In this section the approaches of mapping of relational databases to RDF are discussed (Section 5.1) as well as approaches of mapping XML to RDF (Section 5.2). However, there are also more general approaches [63,64,65,66,67,68,69].

5.1. Bringing Relational Databases into the RDF

This subsection contains an overview and comparison of the approaches for mapping from a relational database into RDF. Table 5 presents the key approaches from related work. It presents the features of the below-mentioned proposals, namely: Mapping representation (SQL, RDF, XML, etc.), schema representation (RDF, OWL [70] and F-Logic [14]) and level of automation.

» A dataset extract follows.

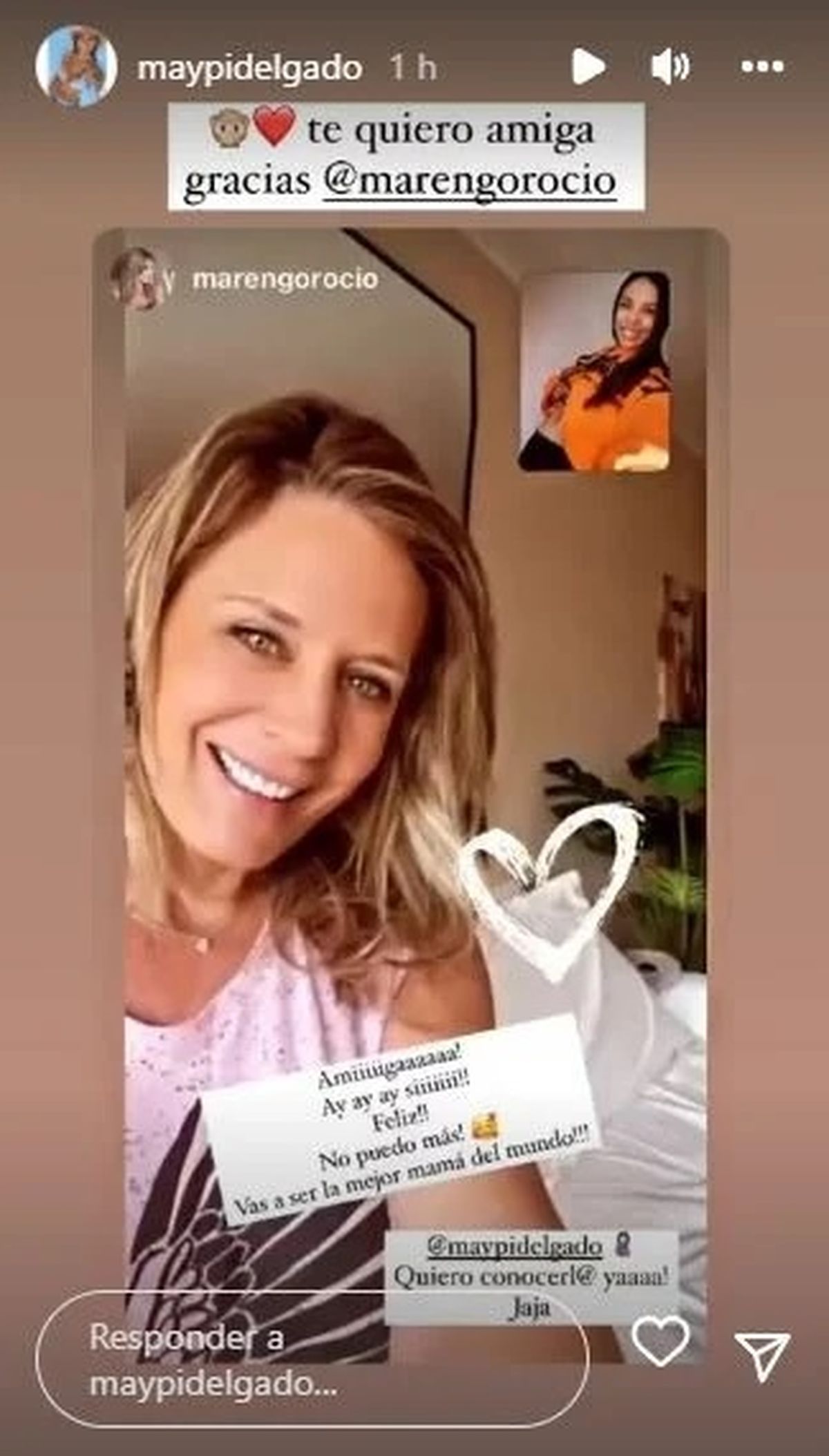 Rocío Marengo le dedicó un dulce posteo a su amiga en Instagram stories, en el que se las ve haciendo una videollamada y a Delgado mostrando su pancita en crecimiento. "Amiga, ¡ay, ay, ay, sí! ¿Feliz? ¡No puedo más! Vas a ser la mejor mamá del mundo. Quiero conocerlo@ ya", escribió Rocío, emocionada por la maternidad de Maypi.

At the beginning, we focus on solutions [71,72,73] based on SQL as mapping representation. Triplify [71] is based on the mapping of HTTP requests onto database queries expressed in SQL queries, which are used to match subsets of the store contents and map them to RDFS classes and properties. It converts the resulting relations into RDF triples and subsequently publishes it in various RDF syntaxes. That proposal includes an approach for publishing update logs in RDF which contain all RDF resources in order to enable incremental crawling of data sources. An additional advantage is that it can be certainly integrated and deployed with the numerous, installed applications on the Web. The next approach is StdTrip [72], which proposes a structure-based framework using existing ontology alignment software. The approach finds ontology mappings between simple vocabulary that is generated from a database. The results of the vocabulary and ontology alignment algorithm are presented as suggestions to the user, who matches the most appropriate ontology mapping. RDOTE [73] also uses SQL for the specification of the data subset. In that proposal, the suitable SQL query is stored in a file. That approach transforms data residing in the database into a RDF graph dump using classes and properties.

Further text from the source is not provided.